Extracted records:

Segment Open

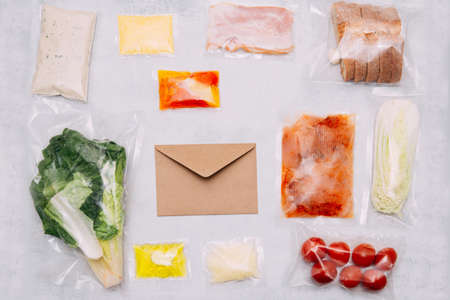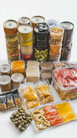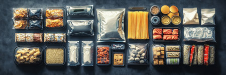 AI Generated. Many different food in vacuum packings on table, top view
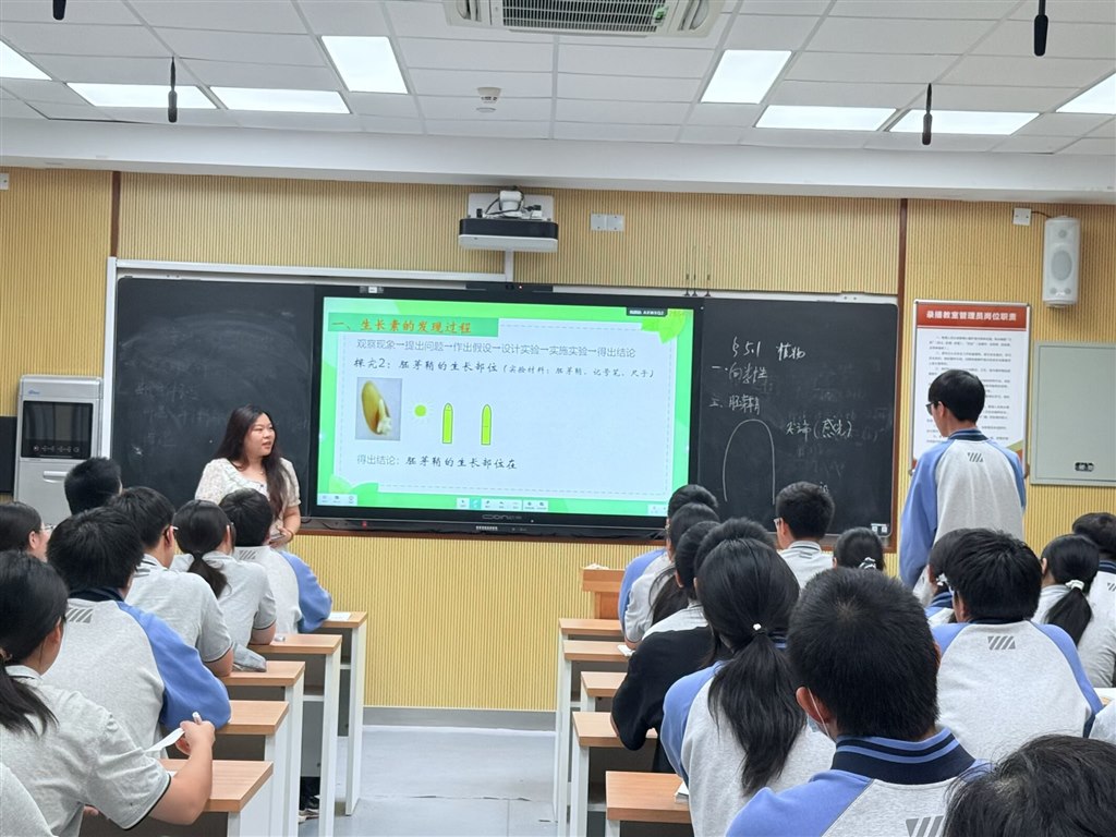 2025年9月26号,颜颖老师在高二3 班开设了一堂别开生面的生物课。课程以“植物生长素发现史”为脉络,颜老师全程以问题为引导,学生通过模拟操作经典实验,重温了科学家们的探索历程,深刻理解了科学探究的本质。
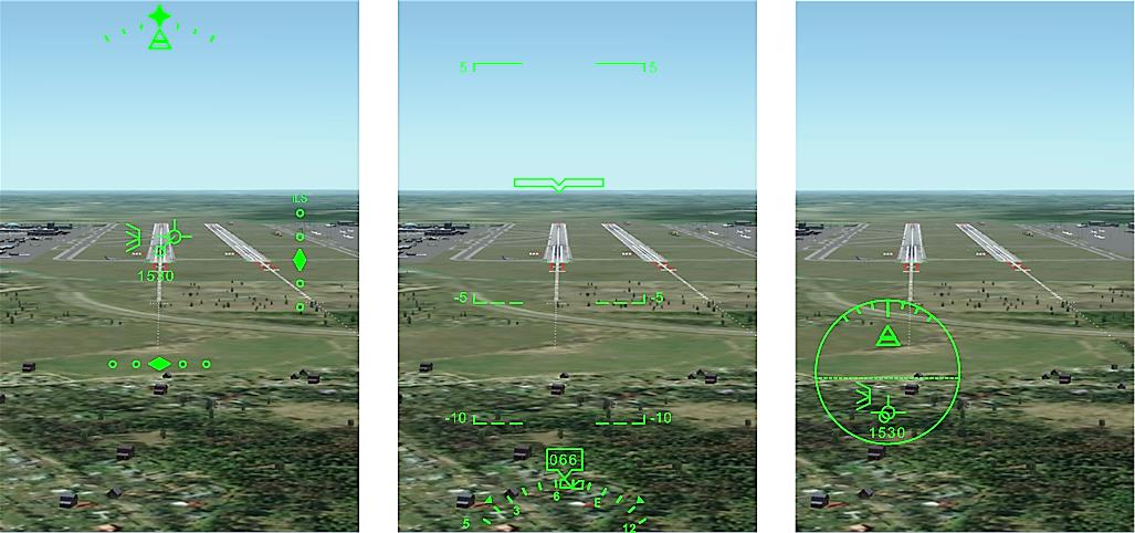 Fig. 2. Objects linked to FPV (left), to the airplane construction axis (center) and simultaneously linked to FPV and to the glasses position (right)
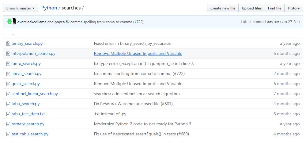 针对于查找问题,作者在 searches 文件夹中给出了包括顺序查找、二分查找、禁忌搜索等常见查找算法的实现。
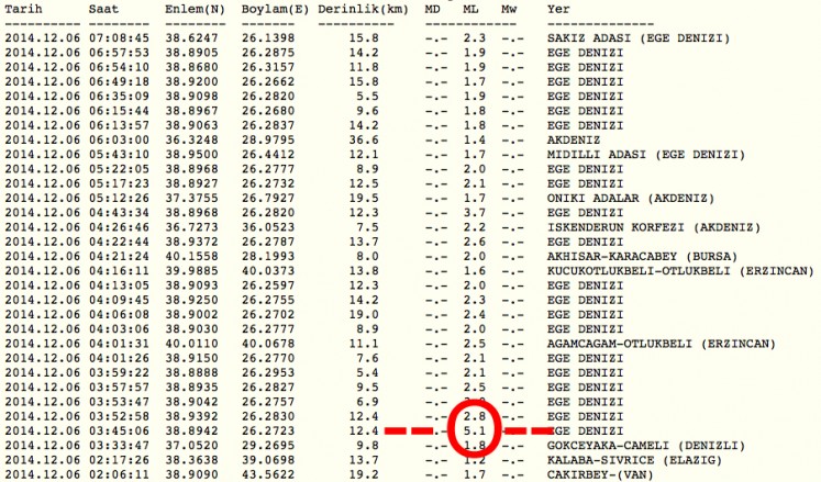 Ege Denizi’inde sabaha karşı 03. 45'te, 5.1 şiddetinde deprem meydana geldi. Deprem İzmir ve civar kentlerinde de hissedildi. Yukarıdaki tabloda Kandilli Rasathanesi kayıtlarına göre son depremler sıralanıyor. (Büyütmek için üzerine tıklayın)
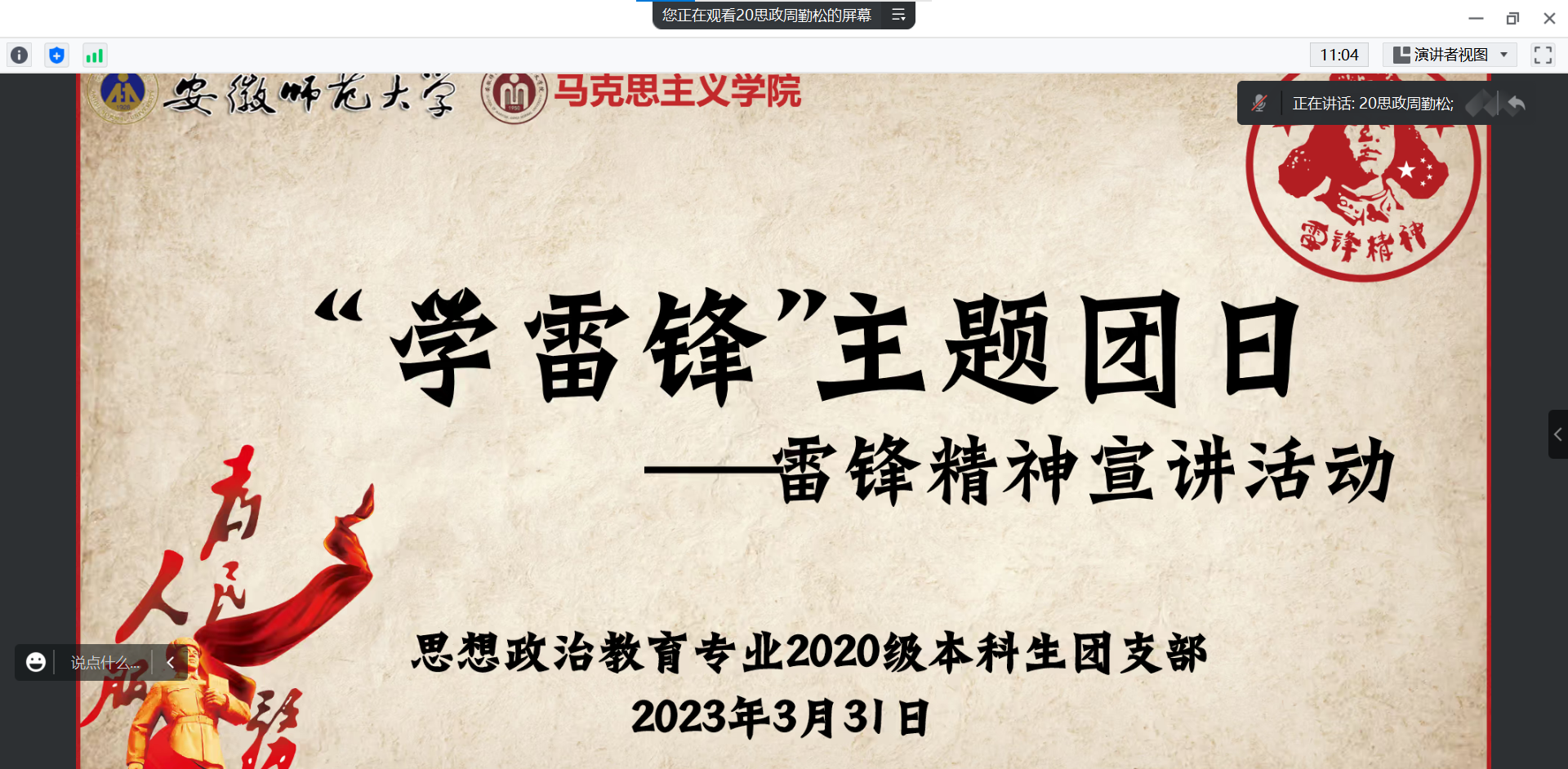 为深刻理解新时代雷锋精神内涵,弘扬雷锋精神,学院思想政治教育专业2020级本科生团支部于3月31日19:30在腾讯会议召开“学雷锋”主题团日活动。本次主题团日活动由团支书周勤松主持,两位团支书依次进行宣讲。
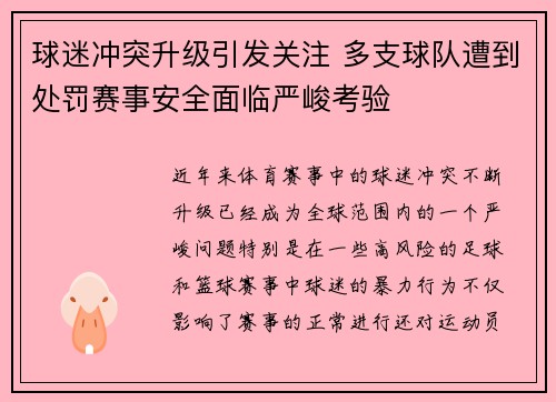 球迷冲突升级引发关注 多支球队遭到处罚赛事安全面临严峻考验
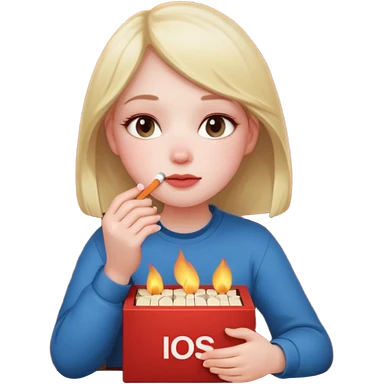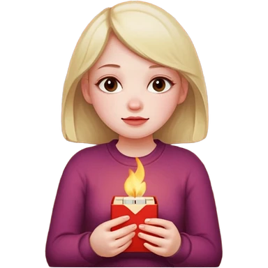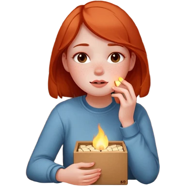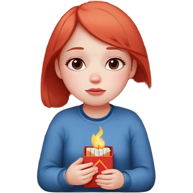 A fragile girl sitting beside a wall, clutching a box of matches, lighting one to warm her cold rosy cheeks. emoji
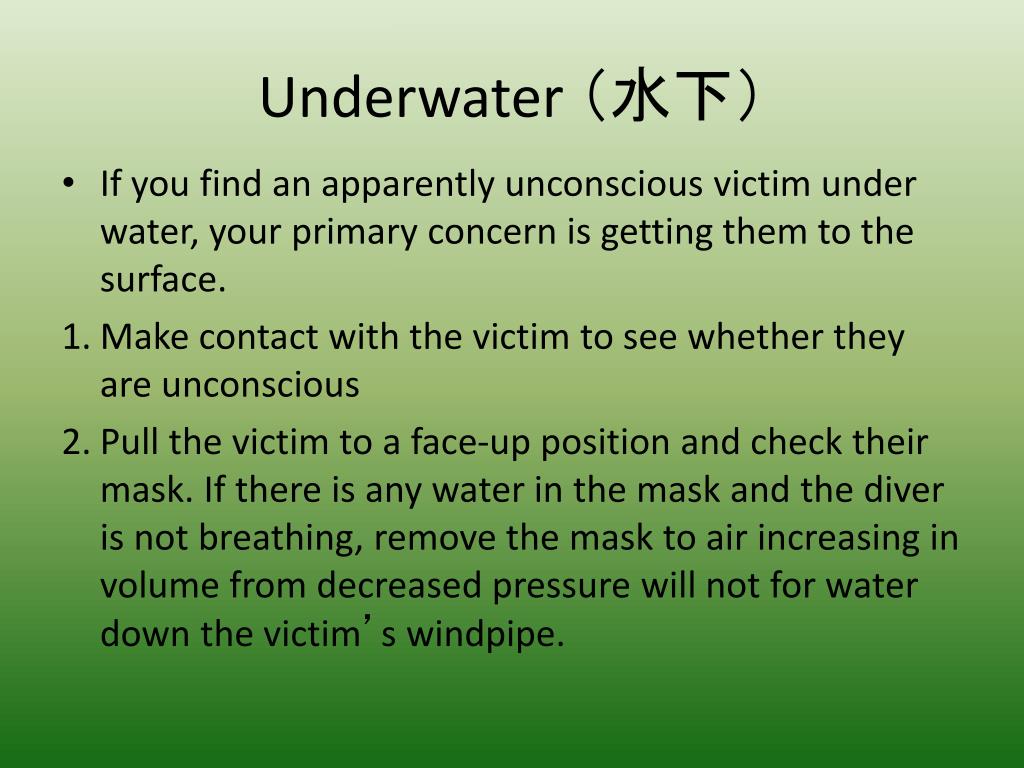 Underwater (水下) • If you find an apparently unconscious victim under water, your primary concern is getting them to the surface. • Make contact with the victim to see whether they are unconscious • Pull the victim to a face-up position and check their mask. If there is any water in the mask and the diver is not breathing, remove the mask to air increasing in volume from decreased pressure will not for water down the victim’s windpipe.
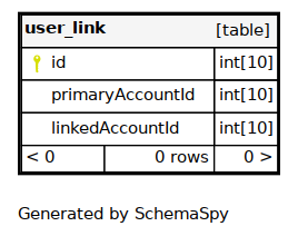 | user_link | Must be unique | Asc/Asc | primaryAccountId + linkedAccountId |
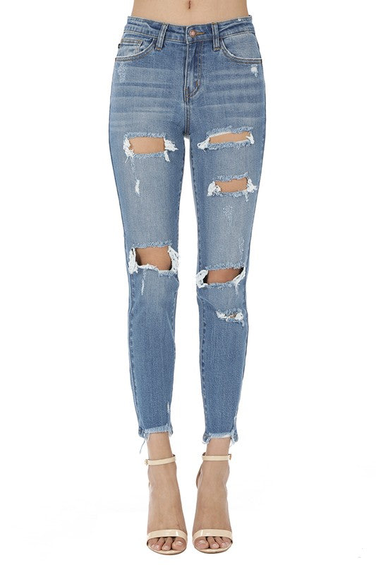 Our Distressed Girlfriend Jeans are made of stretch cotton-blend denim.  This distressed pair is designed for a lived-in look. They sit at the waist and are straight through hips and thighs. They are not your mom's jeans...they are for you girlfriend!

Segment Closed

PROMPT.
Copy out each line of the data exactly as it reads; skip the pictures.

WRITTEN REPLY.
 AI Generated. Many different food in vacuum packings on table, top view
 2025年9月26号,颜颖老师在高二3 班开设了一堂别开生面的生物课。课程以“植物生长素发现史”为脉络,颜老师全程以问题为引导,学生通过模拟操作经典实验,重温了科学家们的探索历程,深刻理解了科学探究的本质。
 Fig. 2. Objects linked to FPV (left), to the airplane construction axis (center) and simultaneously linked to FPV and to the glasses position (right)
 针对于查找问题,作者在 searches 文件夹中给出了包括顺序查找、二分查找、禁忌搜索等常见查找算法的实现。
 Ege Denizi’inde sabaha karşı 03. 45'te, 5.1 şiddetinde deprem meydana geldi. Deprem İzmir ve civar kentlerinde de hissedildi. Yukarıdaki tabloda Kandilli Rasathanesi kayıtlarına göre son depremler sıralanıyor. (Büyütmek için üzerine tıklayın)
 为深刻理解新时代雷锋精神内涵,弘扬雷锋精神,学院思想政治教育专业2020级本科生团支部于3月31日19:30在腾讯会议召开“学雷锋”主题团日活动。本次主题团日活动由团支书周勤松主持,两位团支书依次进行宣讲。
 球迷冲突升级引发关注 多支球队遭到处罚赛事安全面临严峻考验
 A fragile girl sitting beside a wall, clutching a box of matches, lighting one to warm her cold rosy cheeks. emoji
 Underwater (水下) • If you find an apparently unconscious victim under water, your primary concern is getting them to the surface. • Make contact with the victim to see whether they are unconscious • Pull the victim to a face-up position and check their mask. If there is any water in the mask and the diver is not breathing, remove the mask to air increasing in volume from decreased pressure will not for water down the victim’s windpipe.
 | user_link | Must be unique | Asc/Asc | primaryAccountId + linkedAccountId |
 Our Distressed Girlfriend Jeans are made of stretch cotton-blend denim.  This distressed pair is designed for a lived-in look. They sit at the waist and are straight through hips and thighs. They are not your mom's jeans...they are for you girlfriend!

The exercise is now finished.